--- Collected data Enclosed Below ---

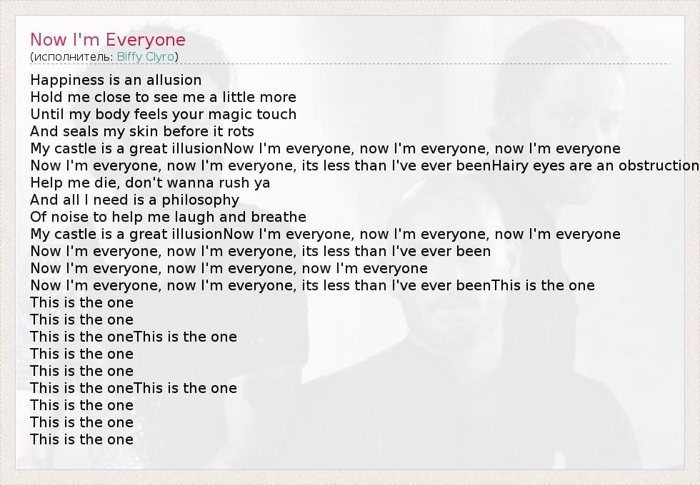 А как ты думаешь, о чем песня "Now I'm Everyone" ?
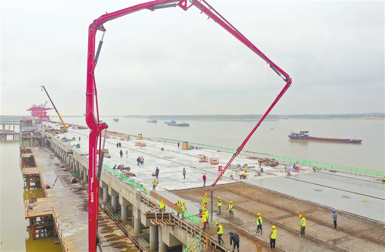 4月25日,在南昌港东新港区姚湾作业区综合码头项目建设现场,工人们正进行码头面层浇筑最后一个分段的施工。随着码头面层浇筑工作的全部完成,标志着该项目16个泊位主体结构顺利完工,步入施工收尾阶段。作为全国一次性批复泊位最多、岸线最长的内河港口码头,姚湾综合码头全部建成后,将成为南昌港最大的现代化内河综合码头,为南昌经济发展提供重要支撑。本报全媒体记者 李 劼摄
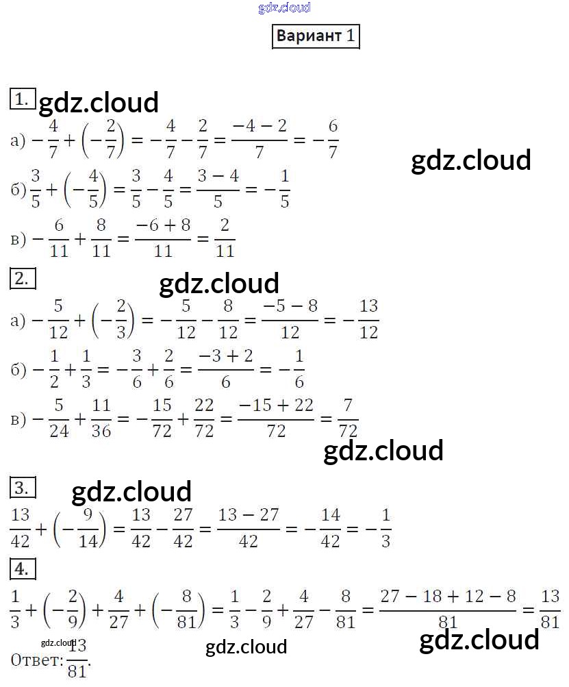 СР-15. Варианты Ответы к Самостоятельным работам по Математике 6 класс Дидактические материалы Потапов МГУ - школе Просвещение
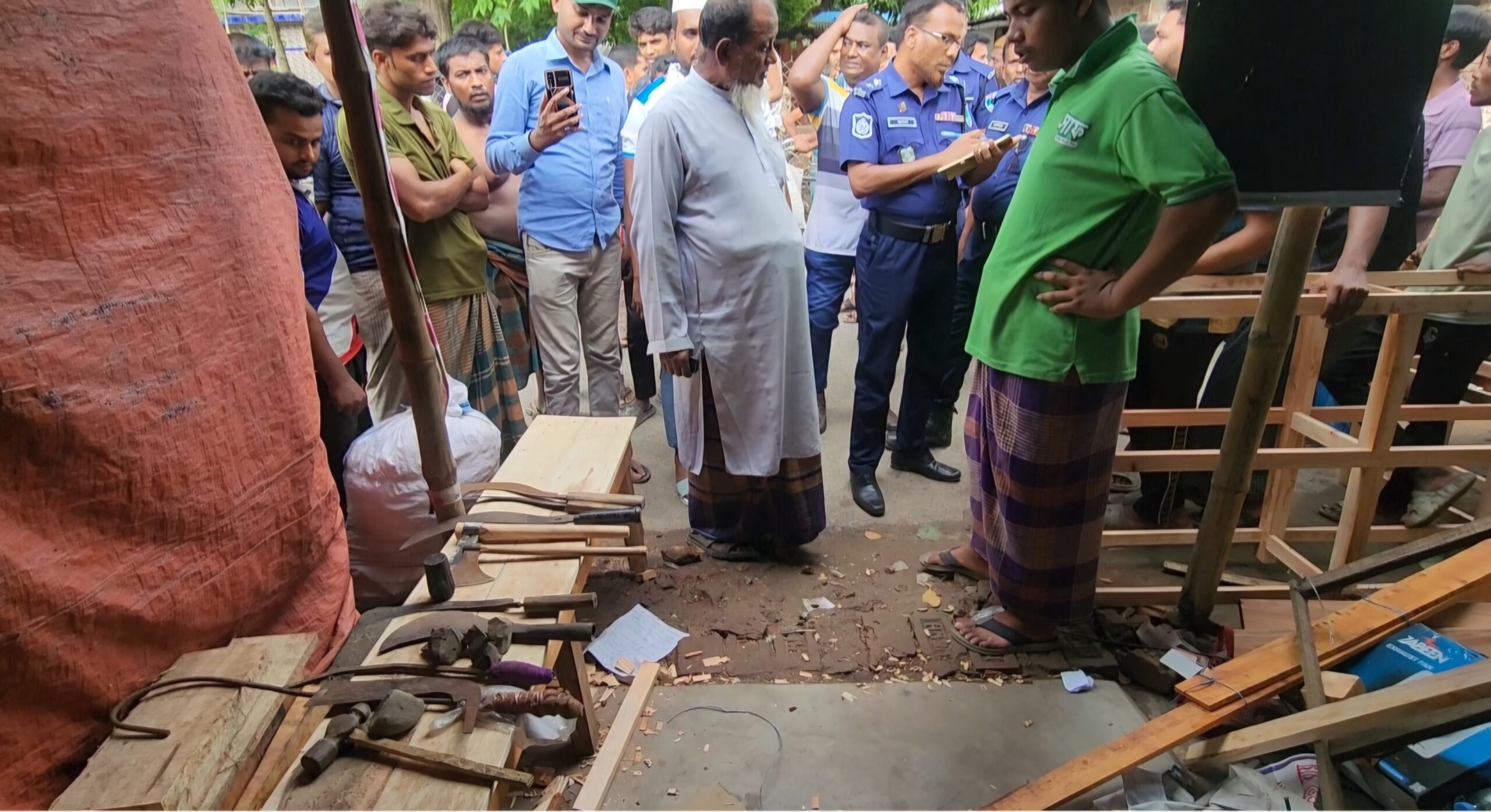 স্থানীয়রা জানায়, শিবনগর মন্দিরের পাশে আক্তার হোসেনের একটি দোকান ভাড়া নেয় রুবেল হোসেন। সেই দোকানে আসবাবপত্রের কাজ চলছিল। সোমবার সকালে তুচ্ছ ঘটনায় চঞ্চল নামে একজনকে মারধর করে রুবেল হোসেন। এরপর তার দোকান থেকে ধারালো অস্ত্র উদ্ধার করে স্থানীয়রা। উদ্ধারের সময় রুবেল হোসেনের মা দোকানে উপস্থিত ছিল। পরে পুলিশকে খবর দিলে তারা ঘটনাস্থলে আসে।

--- End of Enclosed Collected data ---

Task requirements
Without changing a word, retype the data above and omit its pictures.

Exercise response
 А как ты думаешь, о чем песня "Now I'm Everyone" ?
 4月25日,在南昌港东新港区姚湾作业区综合码头项目建设现场,工人们正进行码头面层浇筑最后一个分段的施工。随着码头面层浇筑工作的全部完成,标志着该项目16个泊位主体结构顺利完工,步入施工收尾阶段。作为全国一次性批复泊位最多、岸线最长的内河港口码头,姚湾综合码头全部建成后,将成为南昌港最大的现代化内河综合码头,为南昌经济发展提供重要支撑。本报全媒体记者 李 劼摄
 СР-15. Варианты Ответы к Самостоятельным работам по Математике 6 класс Дидактические материалы Потапов МГУ - школе Просвещение
 স্থানীয়রা জানায়, শিবনগর মন্দিরের পাশে আক্তার হোসেনের একটি দোকান ভাড়া নেয় রুবেল হোসেন। সেই দোকানে আসবাবপত্রের কাজ চলছিল। সোমবার সকালে তুচ্ছ ঘটনায় চঞ্চল নামে একজনকে মারধর করে রুবেল হোসেন। এরপর তার দোকান থেকে ধারালো অস্ত্র উদ্ধার করে স্থানীয়রা। উদ্ধারের সময় রুবেল হোসেনের মা দোকানে উপস্থিত ছিল। পরে পুলিশকে খবর দিলে তারা ঘটনাস্থলে আসে।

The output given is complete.